Review by Booklist Review

Johnson's detective hero Walt Longmire has had a fine career--21 novels and a six-season TV show run--remarkable for someone a little bit, well, different. He uses words like "indubitably," quotes Percy Shelley's poetry, and educates a lazy coroner on proper autopsy procedure. And there's no hard-boiled cynicism here. We should always, he says, "rise above the natural order of things." But he's a fine lawman, as a friend of his muses in the book. The mistake of anyone working against him is "confusing good with weak." This outing has Longmire clashing with a religious cult out on the "sand anvil" of Wyoming's Red Devil, after a mail person with a more than 300-mile route goes missing. Longmire must rescue a handful of cult victims, older folks who sought something interesting. The novel includes some lively conversations as Longmire goes undercover as a mail carrier following the missing woman's same route.

From Booklist, Copyright (c) American Library Association. Used with permission.
Review by Kirkus Book Review

Walt Longmire goes undercover. When his late wife's cousin Mike Thurman, a postal inspector, asks Walt to find out what happened to Blair McGowan, who never showed up for her 307-mile-long mail route, he agrees. Blair's boyfriend, Benny Schweppe, sold all her stuff soon after she disappeared, so Walt tracks down her 1968 Travelall and buys it back, then starts following Blair's route, pretending he's taking it over.
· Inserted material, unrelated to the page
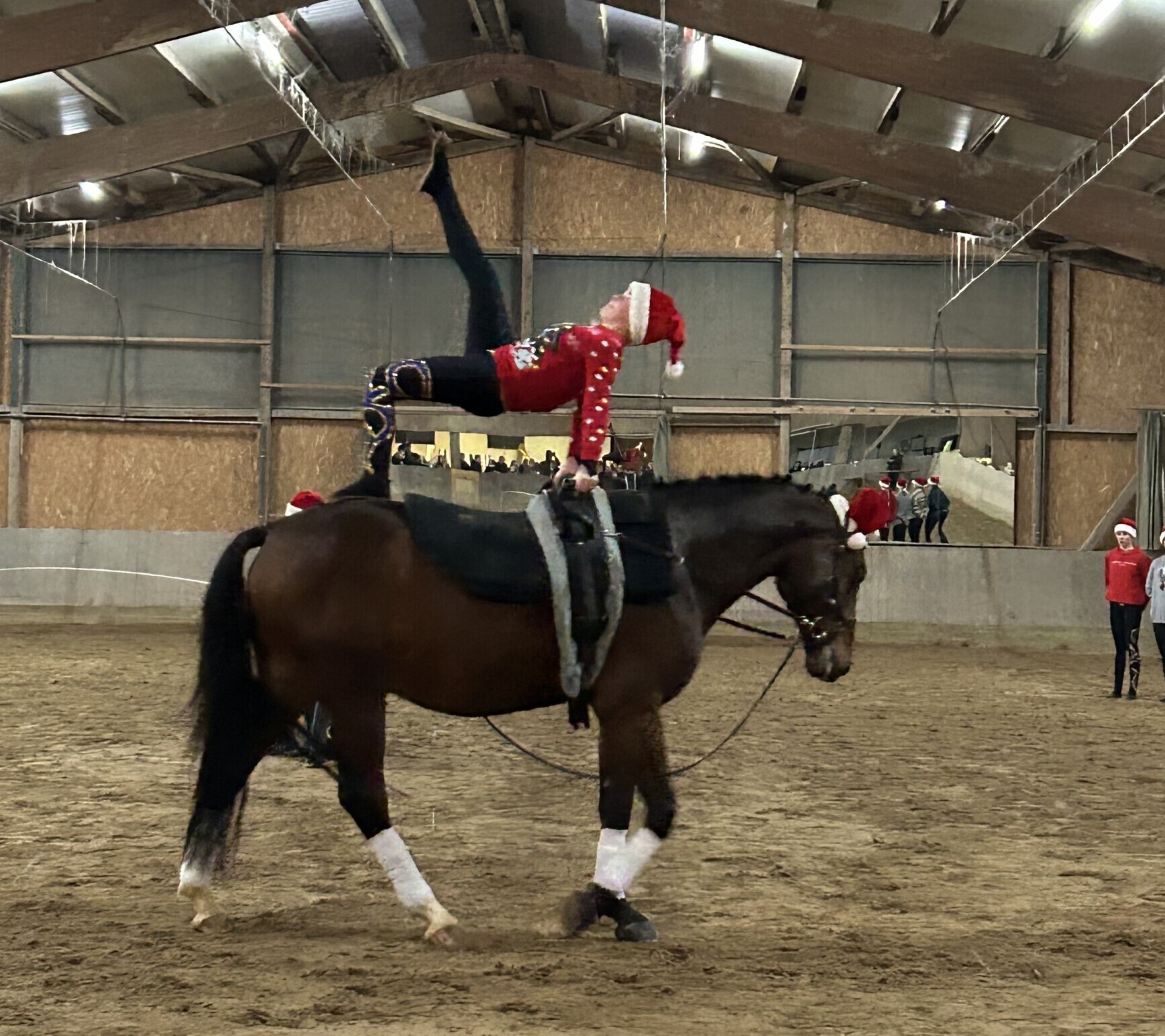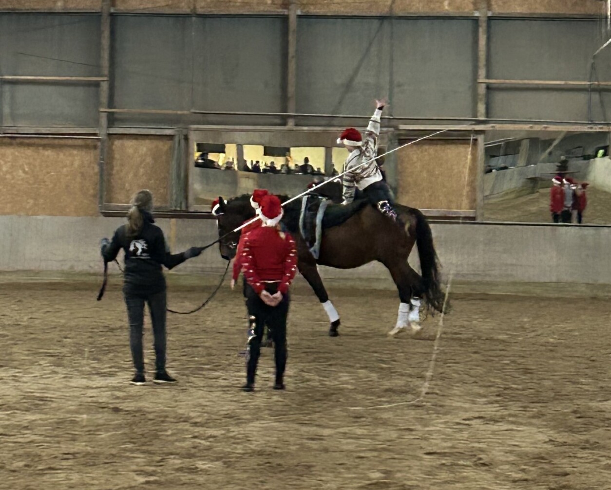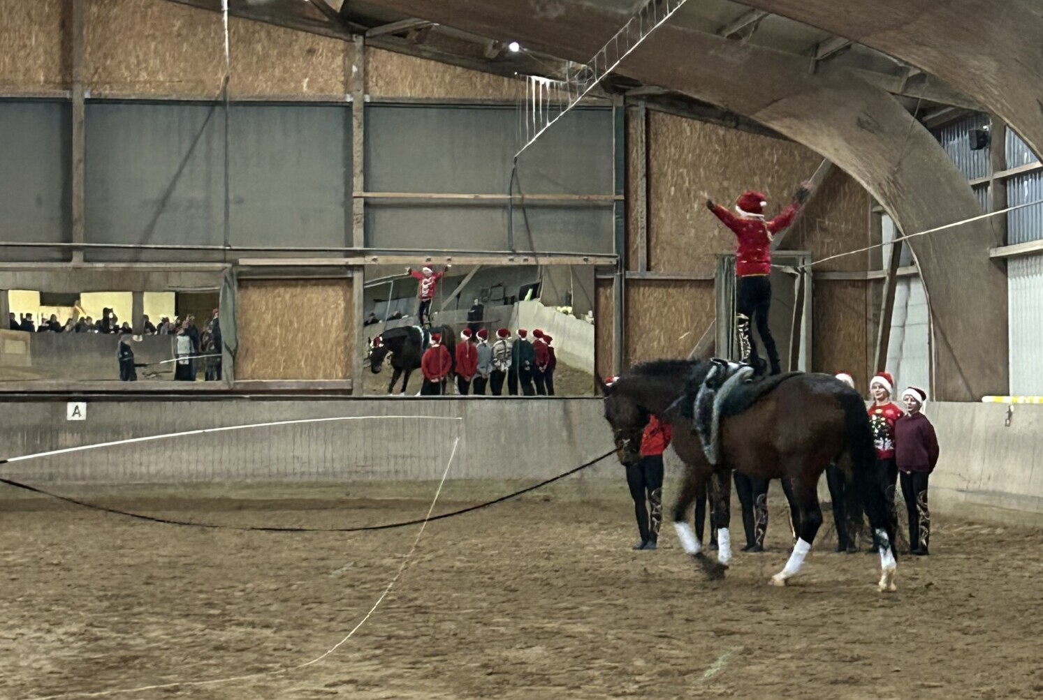 Bevor es anschließend in den gemütlichen Teil des Tages überging, sorgten unsere Voltigiererinnen und Voltigierer noch für ein echtes Highlight. In einer abwechslungsreichen Vorführung präsentierten sie Einzel- und Partnerübungen – im Schritt wie auch im Galopp – mit unterschiedlicher musikalischer Untermalung. Eine beeindruckende Darbietung, die bei den Zuschauerinnen und Zuschauern großen Anklang fand.

Since most of the route covers the vast Red Desert, an unlikely feature of south-central Wyoming, Walt's not terribly hopeful about finding Blair, an environmental activist who upset some of the groups living out there. Visiting Blair's neighbor, Walt gets into a fight with Benny and ends up getting arrested. As the famous sheriff of Absaroka County, Walt can't remain unknown to local law enforcers, who fill him in on the case. Benny, who's heard that Walt is a sheriff (so much for undercover), tells him about the Order of the Red Gate, a religious cult that moves around the desert. It's run by Zeno Carruthers, who Blair knew in the 1980s when she was in a documentary about alien abduction in California. After Walt starts out on the mail run, Tess Anderson, who Mike Thurman assigned to help him find the way, finds a piece of paper that turns out to be a note saying "SAVE ME" in red lipstick. Venturing into the desert, Walt finds the cult, which consists of a lot of bewildered older folks and a few very tough bodyguards for the cult leaders, who are running a scheme to steal money from their followers, many of whom vanish, supposedly gone to heaven. What follows is a violent, dangerous effort to free the cult members, including Blair. The straight-shooting hero is welcome in duplicitous times, but it's the magnificent desert that captures the imagination. Copyright (c) Kirkus Reviews, used with permission.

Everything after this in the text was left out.